Did You Know: Review Papers

Clearly this Paper of the Week is slightly differently formatted. Whilst we usually look at original experiments here on Ecology for the Masses, we’ve chosen to summarise a review paper this week. Review papers are the result of an exhaustive synthesis by researchers who want to summarise the state of research in a specific field. They’re essentially a goldmine for anyone looking to get up to speed on a topic. As a result of their nature as summaries, they’re generally quite accessible to non-scientists as well, so we highly recommend checking out the original paper here.

Ecosystem Engineers

Ecosystem engineers are species capable of creating or modifying entire habitats through their actions (humans and elephants are great examples). The activities of species which burrow or dig out benthic areas modify seafloor or lakebed habitats considerably. Carcasses that aquatic predators leave behind create habitats by themselves, with whale carcasses especially creating microhabitats that sustain many species. The rise of the whaling industry saw a reduction in these habitats, and many species have been theorised to have gone extinct as a result of the lack of whale carcasses.

Mediating Species Invasions

Often, aquatic predators are the invasive species that native ecosystems have to worry about. However there is some evidence to suggest that local aquatic predators can suppress alien species populations. Whilst some alien species may outcompete other species, if there is a predator to which that alien species has not evolved defenses, the alien’s negative effects on competitors might not be as severe.

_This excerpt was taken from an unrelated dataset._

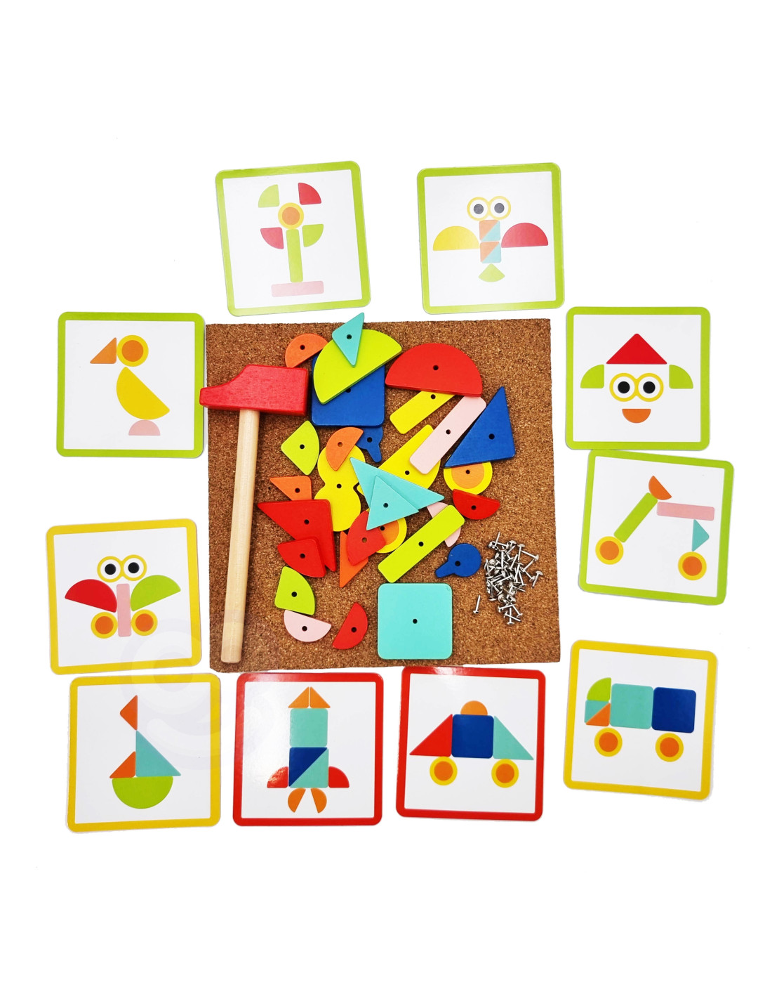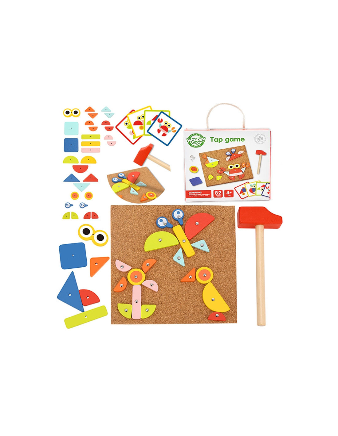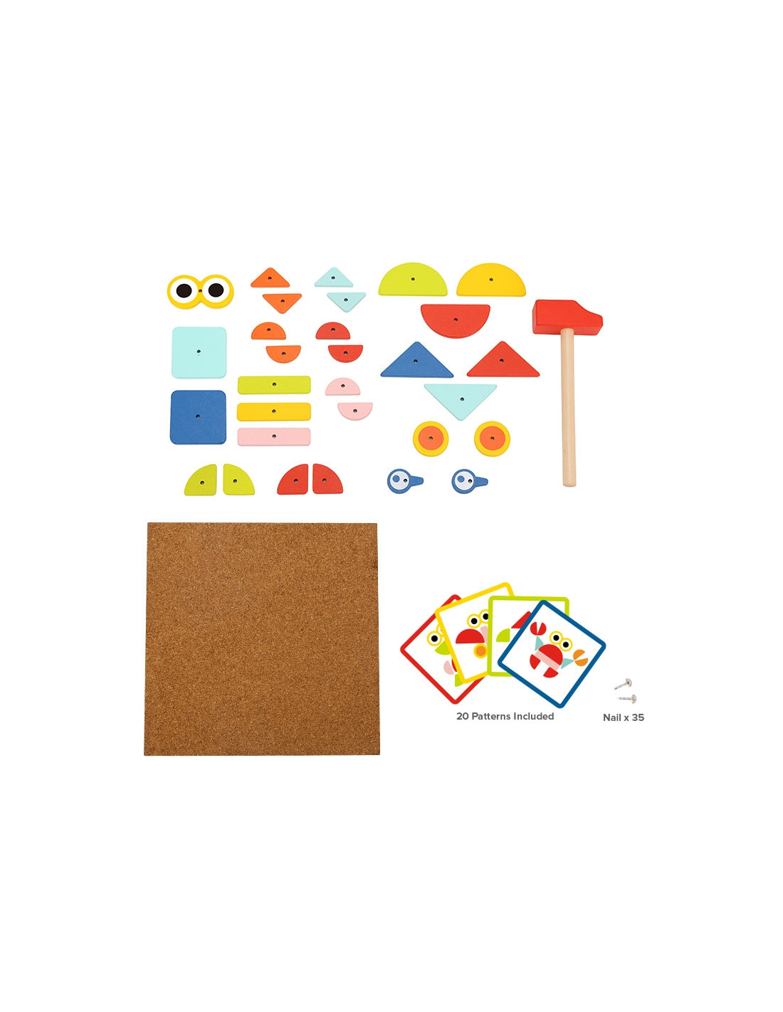- - zestaw zawiera 82 el.: 30 klocków, 40 pinezki, 10 kart z 20 wzorami, tablice korkową oraz młotek

This is one that I hadn’t heard much about prior to this paper. Aquatic predators adaptations and traits often serve as inspiration for technological innovation. Examples include shark skin, which can improve hydrodynamic performance, and the skin of marine mammals, which inhibits ‘fouling’ matter. When applied to marine technology this could significantly reduce both transportation and cleaning costs.

What’s Left?

There are significant gaps in our knowledge regarding aquatic predators. Many whales and shark species in particular are under-researched. The role of sharks as exerters of trophic pressure is not fully understood, and there is substantial room for expansion of work on the suppression of invasive species. We’ve only just scratched the surface of using these taxa for bioinspiration, and forthcoming advances in technology will hopefully lead to exponential growth in knowledge here.